The guide RNA pairs that were closest to the targeted SV boundaries were selected from the UCSC genome browser CRISPR Targets track.

DNA fragments carrying guide RNA pairs (pgRNA) were generated by performing PCR on the mU6-pgRNA-4.0 plasmid with the primers pgRNA-F and pgRNA-R (Supplementary Data 5). These fragments were then subjected to agarose gel electrophoresis, purified with a DNA Clean Kit (Zymo #D4003), and assembled into the sgRNA-SV40-PURO plasmid using the Golden Gate method (NEB #E1602). The success of these assemblies was confirmed by Sanger sequencing.

The pgRNA lentiviruses were produced by transfecting 293T cells at 70% confluence with 1 μg of sgRNA-SV40-PURO, 1 μg of pCMVR8.74 (Addgene #22036), and 0.1 μg of pVSV-G (Addgene #138479) in each well of a 6-well plate. Transfections were carried out using PEI (Proteintech #PR40001). The lentiviruses were harvested by collecting supernatants from the 293T cell culture at 72 hours post-transfection.

Monoclonal cell lines with constitutive Cas9 expression were generated by transduction with a lentivirus carrying a Cas9-2A-mCherry construct. These cells were then transduced with the target pgRNA lentiviruses when they reached 70% confluence. 0.5 µg/mL Puromycin (InvivoGen #ant-pr-1) was added to the culture medium 24 hours post-transduction. The cells were cultured until all negative control cells (non-transduced) had died, and the cells were allowed to reach 70% confluence again (~6 days). The cells were then cultured in fresh medium without puromycin for 24 hours before being collected. All cells were maintained in DMEM (HyClone #SH30243.01) supplemented with 10% fetal bovine serum (Gibco #10091148) and 1× penicillin‒streptomycin-amphotericin B solution (Solarbio #P7630).
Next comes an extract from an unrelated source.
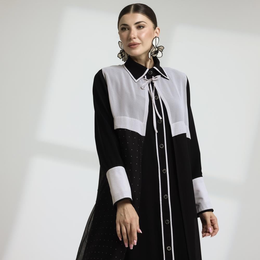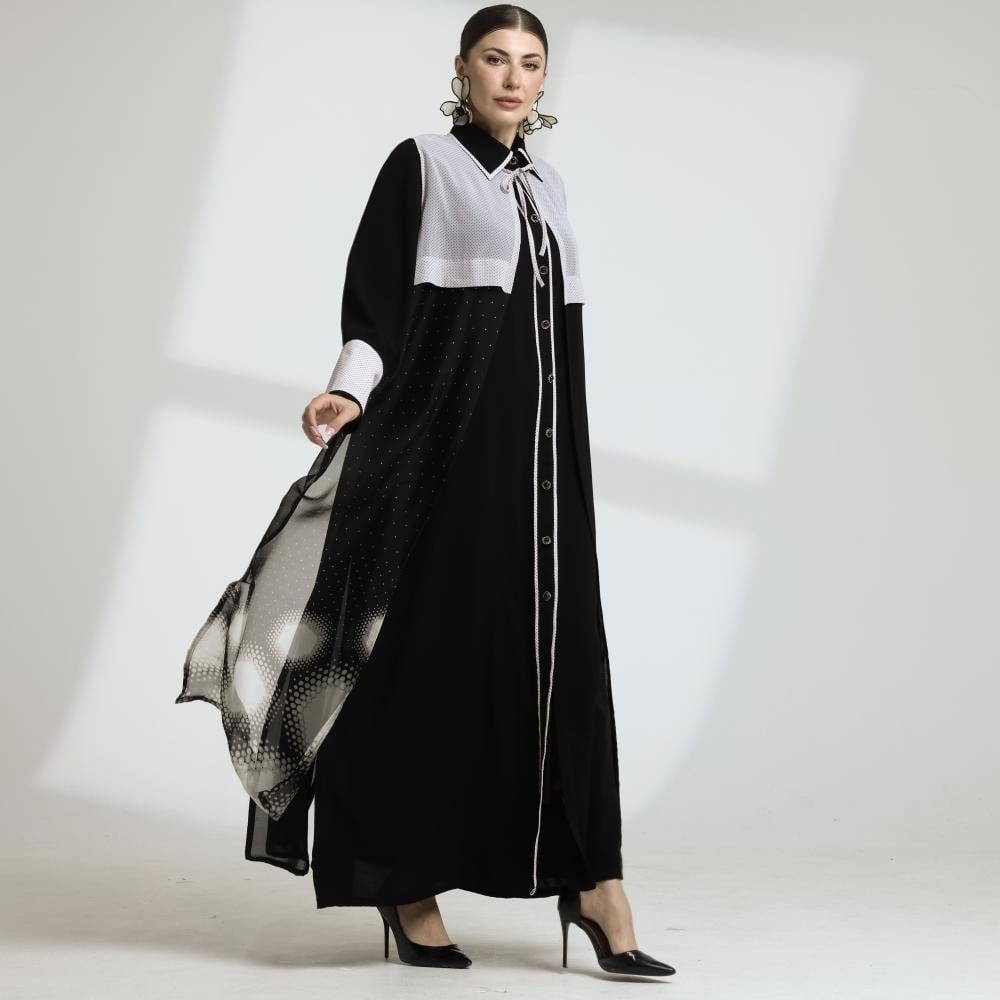 عباية بتصميم فاخر من قطعتين قميص أنيق و فست علوي يمنجها مظهراً عصرياً متجدداً ، صممت لتكون خياراً مناسباً لإطلالات مميزة في المناسبات و فصل الصيف .

Nucleic acids from the cells were obtained by direct lysis on plates using an AllPure DNA/RNA kit (Magen #R5111) following the manufacturer’s instructions.
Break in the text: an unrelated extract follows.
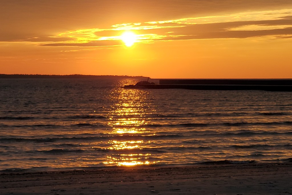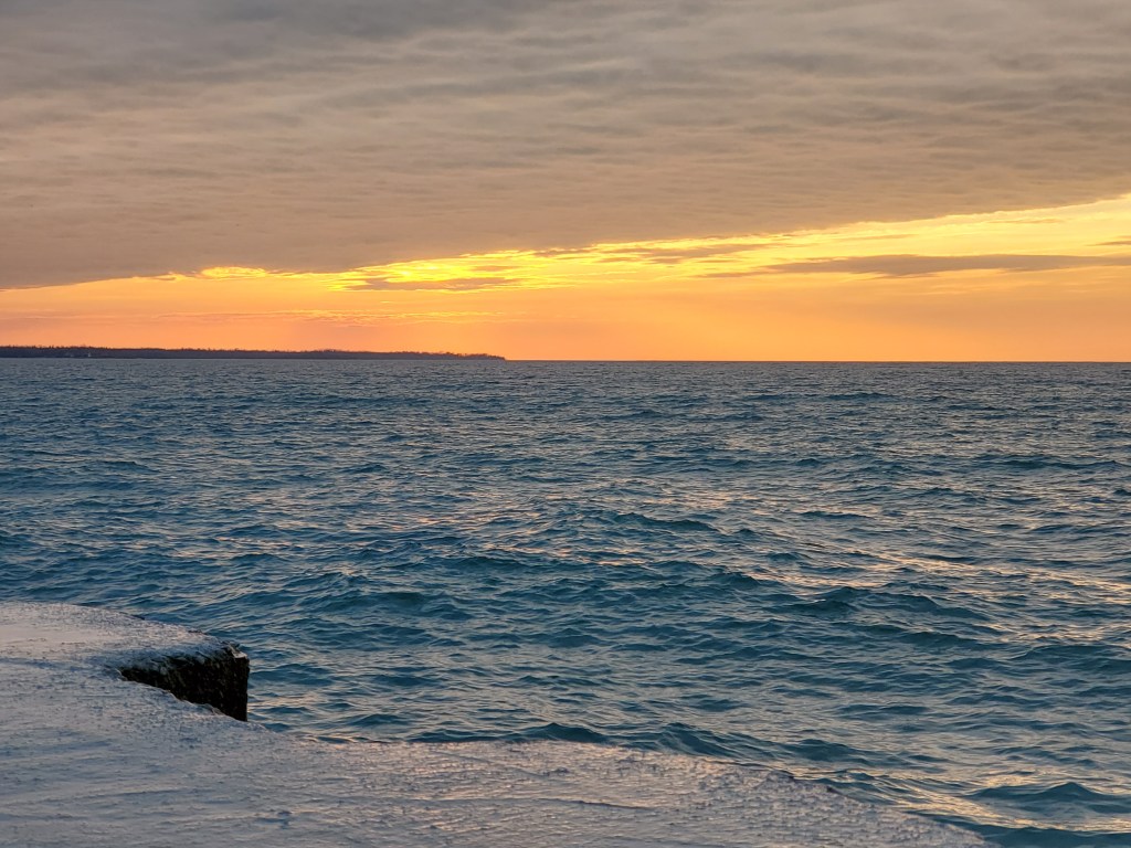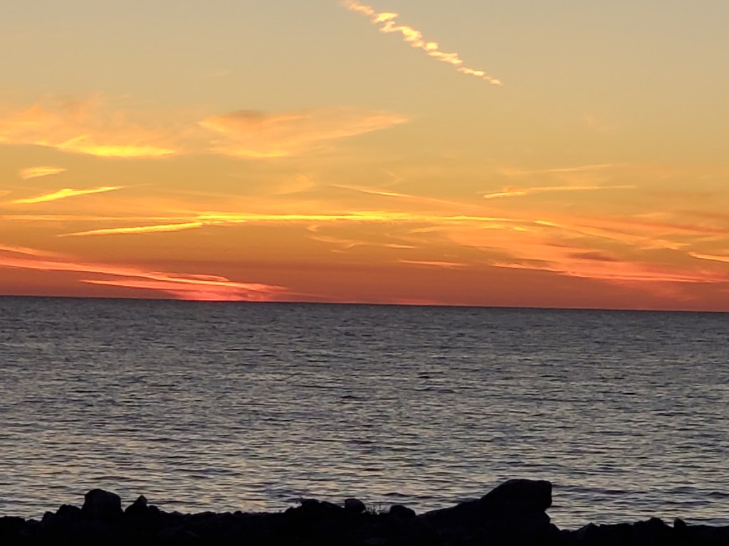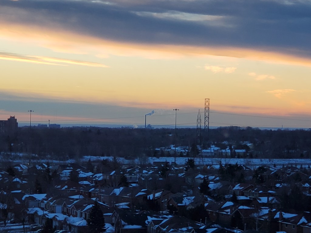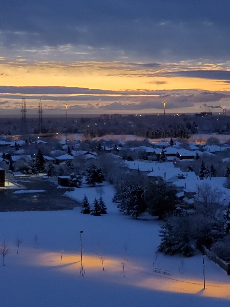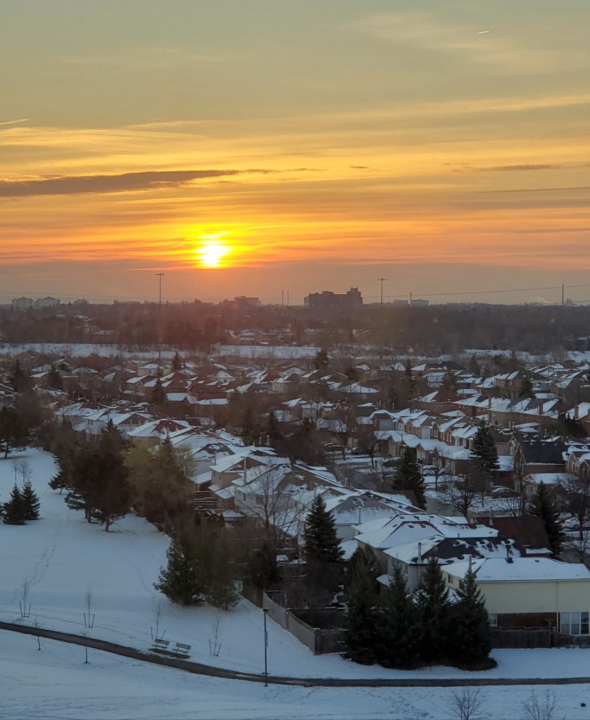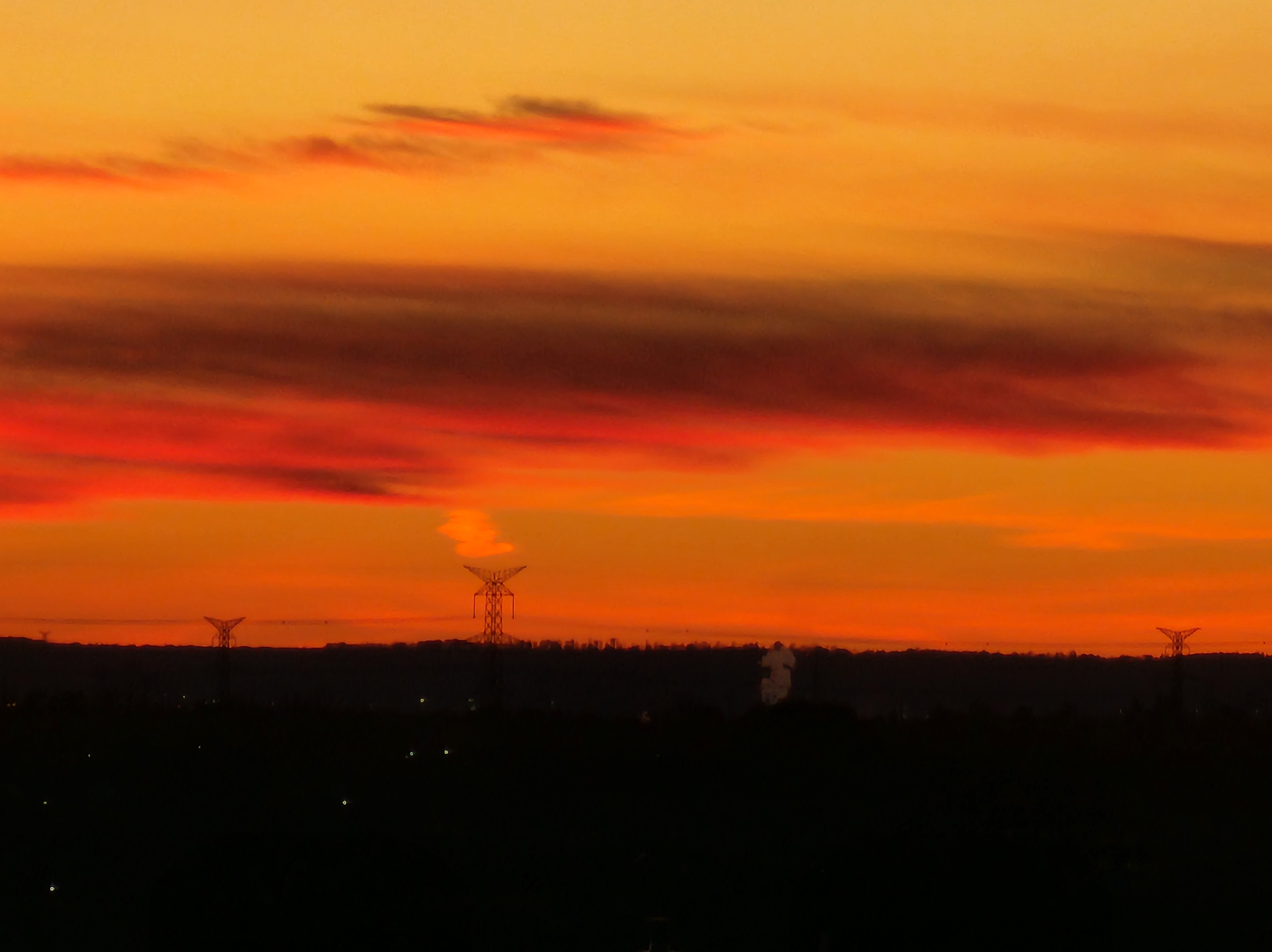 This morning, sunrise shared its golden-red light with clouds diffused gentle white

We converted total RNA to cDNA by using HiScript III RT SuperMix for qPCR (Vazyme #R323-01) following the manufacturer’s instructions. We selected RPL41 as an internal reference gene because it has the most consistently high expression levels in the HPA database of 1055 cell lines. All qPCRs were performed in 96-well plates using a Roche LightCycler 480 machine. Each well contained 10 µL of ChamQ Universal SYBR qPCR Master Mix (Vazyme #Q711-03), 0.4 µL of 10 µM forward primer, 0.4 µL of reverse primer, and 9.2 µL of cDNA (diluted 1:25). For each set of measurements, 4 wells were used as technical replicates.

We performed melt curve analyses to ensure that the amplicons produced by the same pair of primers were specific and consistent each time. Each quantification cycle value was calculated using the second derivative maximum method recommended in the manual of the instrument. All the above steps were carried out according to the manufacturers’ instructions.

Statistics and reproducibility

The detailed statistical tests were explained in each figure legend. Sample data were obtained from public repositories. No statistical method was used to predetermine the sample size. No data were excluded from the analyses. The experiments were not randomized. The Investigators were not blinded to allocation during experiments and outcome assessment. More information was provided in the Reporting Summary file.

Reporting summary

Further information on research design is available in the Nature Portfolio Reporting Summary linked to this article.